The Configuration file is divided into the following sections:
- config, to manage all the settings and context's variables used by any component of the process
- source, to manage the source to process
- begin, as a list of Blocks to execute in order. This section is executed, when the process begins
- extractor, contains the Extractor configuration
- transformers, contains the list of Transformers to execute in the pipeline
- loader, contains the Loader configuration
- end, as a list of Blocks to execute in order. This section is executed, when the process is finished
Syntax
{
"config": {
<name>: <value>
},
"begin": [
{ <block-name>: { <configuration> } }
],
"source" : {
{ <source-name>: { <configuration> } }
},
"extractor" : {
{ <extractor-name>: { <configuration> } }
},
"transformers" : [
{ <transformer-name>: { <configuration> } }
],
"loader" : { <loader-name>: { <configuration> } },
"end": [
{ <block-name>: { <configuration> } }
]
}
Example:
{
"config": {
"log": "debug",
"fileDirectory": "/temp/databases/dbpedia_csv/",
"fileName": "Person.csv.gz"
},
"begin": [
{ "let": { "name": "$filePath", "value": "$fileDirectory.append( $fileName )"} },
{ "let": { "name": "$className", "value": "$fileName.substring( 0, $fileName.indexOf(".") )"} }
],
"source" : {
"file": { "path": "$filePath", "lock" : true }
},
"extractor" : {
"row": {}
},
"transformers" : [
{ "csv": { "separator": ",", "nullValue": "NULL", "skipFrom": 1, "skipTo": 3 } },
{ "merge": { "joinFieldName":"URI", "lookup":"V.URI" } },
{ "vertex": { "class": "$className"} }
],
"loader" : {
"orientdb": {
"dbURL": "plocal:/temp/databases/dbpedia",
"dbUser": "admin",
"dbPassword": "admin",
"dbAutoCreate": true,
"tx": false,
"batchCommit": 1000,
"dbType": "graph",
"indexes": [{"class":"V", "fields":["URI:string"], "type":"UNIQUE" }]
}
}
}
Generic rules
- context variables can be used by prefixing them with $
$input
is the context variable assigned, before each transformation- to execute an expression using OrientDB SQL, use
={<expression>}
, example:={eval('3 * 5')}
Conditional execution
All executable blocks, like Transformers and Blocks, can be executed only if a condition is true by using the if conditional expression using the OrientDB SQL syntax. Example:
{ "let": {
"name": "path",
"value": "C:/Temp",
"if": "${os.name} = 'Windows'"
}
},
{ "let": {
"name": "path",
"value": "/tmp",
"if": "${os.name}.indexOf('nux')"
}
}
Log setting
Most of the blocks, like Transformers and Blocks, supports the log
setting. Log can be one of the following values (case insensitive): [NONE, ERROR, INFO, DEBUG]
. The default is INFO
.
Set the log level to DEBUG
to display more information on execution. Remember that logging slows down execution, so use it only for development and debugging purposed. Example:
{ "http": {
"url": "http://ip.jsontest.com/",
"method": "GET",
"headers": {
"User-Agent": "Mozilla/5.0 (Macintosh; Intel Mac OS X 10_9_4) AppleWebKit/537.36 (KHTML, like Gecko) Chrome/36.0.1985.125 Safari/537.36"
},
"log": "DEBUG"
}
}
Configuration variables
All of the variables declared in a "config" block are bound in the execution context and can be used by ETL processing.

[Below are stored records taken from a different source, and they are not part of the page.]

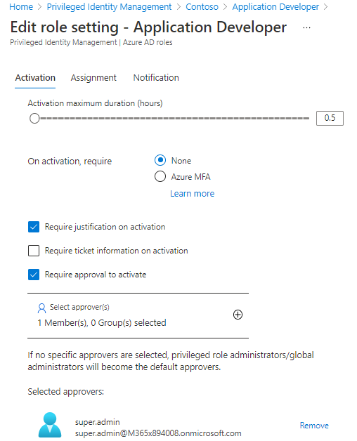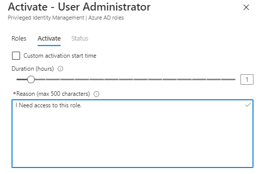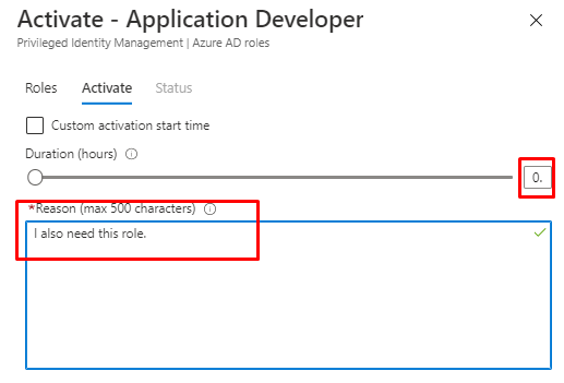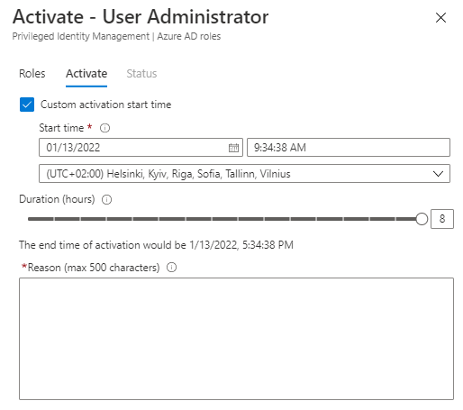 And we are back in business. Now You have to give a reason why You want this role and You can also give a Custom activation time and a duration for the role to be active.
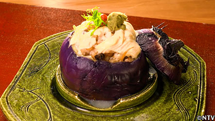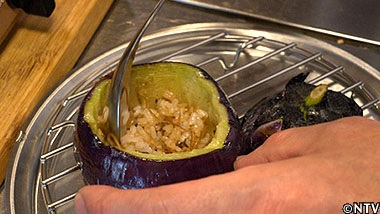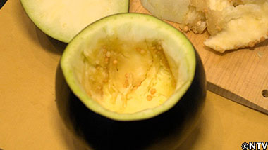 (4)丸茄子をくりぬき、素揚げにする。 |
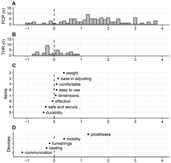 Figure 1. Questionnaire map of the QUEST 2.0–device. (A): distribution frequency of the patients’ measures. (B): distribution frequency of the items’ thresholds calibrations (Andrich thresholds). (C): items’ calibrations. (D): devices’ calibrations. Participants, items (with the Andrich thresholds), and devices are the first, second, and third facets of the Many-Facet Rating Scale model used for the Rasch analysis. PCP: participants; THR: thresholds; n: number of. Items’ content is abbreviated with a keyword, and the ordinate gives the item number in the questionnaire. Devices are abbreviated as in Table 1. Items and devices are ordered low to high, from the easiest to the most difficult to endorse. Extreme participants are not shown.
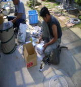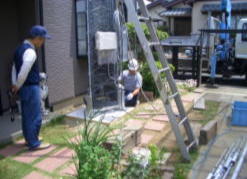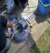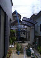 3.クレーンにて資材搬入 4.ルーフアンテナ撤去
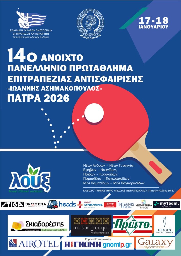 Η αχαϊκή πρωτεύουσα, που εδώ και δεκαετίες καλλιεργεί σε βάθος την επιτραπέζια αντισφαίριση, δείχνει ανέκαθεν και τη φροντίδα της στις αναπτυξιακές ηλικίες.
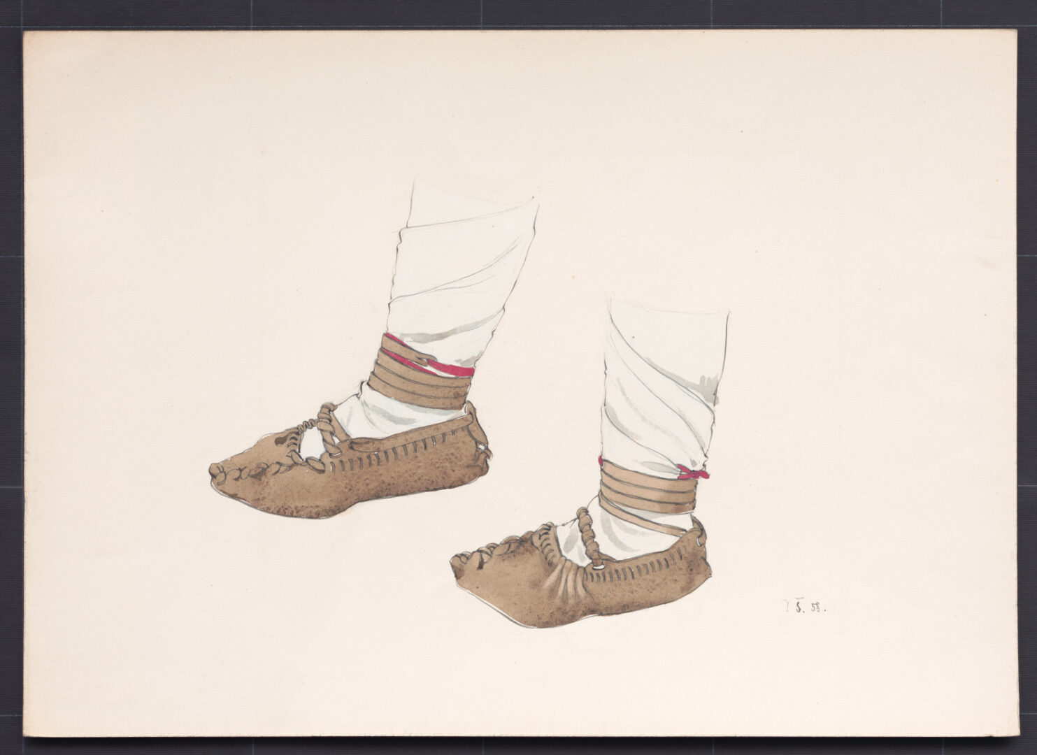 Ženské krpce, Terchová, začiatok 20. storočia. Spôsob obutia krpcov v jarnom a jesennom období. Do krpcov sa obúvali tri druhy plátenných onuciek – šatenka, omotka a pokrutka.Šatenkou sa najskôr omotalo chodidlo a priehlavok vyše členka. Potom sa na nohu omotala omotka. Na záver sa noha omotala ešte pokrutkou. Na nohu v onuckách sa navliekol krpec a upevnil sa koženým návlakom. V zime sa krpce upevňovali vlnenými návlakmi.

There are also special variables used by the ETL process:
Variable | Description | Type | Mandatory | Default value |
---|---|---|---|---|
log | Global "log" setting. Accepted values: [NONE, ERROR, INFO, DEBUG] . Useful to debug a ETL process or single component. |
string | false | INFO |
maxRetries | Maximum number of retries in case the loader raises a ONeedRetryException: concurrent modification of the same records | integer | false | 10 |
parallel | Executes pipelines in parallel by using all the available cores. | boolean | false | false |
haltOnError | Halt the process in case of unmanaged error. If it is false, the process continue in case of errors. The encountered error number is reported at the end of importing. Since 2.0.9. | boolean | false | true |
Split configuration on multiple files
Configuration can be split into several files allowing composition of common parts such as paths, urls, and database references. The previous configuration could be split in two files:
a configuration file with input path for Person csv: personConfig.json
{
"config": {
"log": "debug",
"fileDirectory": "/temp/databases/dbpedia_csv/",
"fileName": "Person.csv.gz"
}
}
a common configuration file, where other parts are configured: commonConfig.json
{
"begin": [
{ "let": { "name": "$filePath", "value": "$fileDirectory.append( $fileName )"} },
{ "let": { "name": "$className", "value": "$fileName.substring( 0, $fileName.indexOf(".") )"} }
],
"source" : {
"file": { "path": "$filePath", "lock" : true }
},
"extractor" : {
"row": {}
},
"transformers" : [
{ "csv": { "separator": ",", "nullValue": "NULL", "skipFrom": 1, "skipTo": 3 } },
{ "merge": { "joinFieldName":"URI", "lookup":"V.URI" } },
{ "vertex": { "class": "$className"} }
],
"loader" : {
"orientdb": {
"dbURL": "plocal:/temp/databases/dbpedia",
"dbUser": "admin",
"dbPassword": "admin",
"dbAutoCreate": true,
"tx": false,
"batchCommit": 1000,
"dbType": "graph",
"indexes": [{"class":"V", "fields":["URI:string"], "type":"UNIQUE" }]
}
}
}
Then pass the split files to otel.sh:
$ ./oetl.sh commonConfig.json personConfig.json
Run-time configuration
In the ETL JSON file you can define variables, which will be resolved at run-time by passing them at startup.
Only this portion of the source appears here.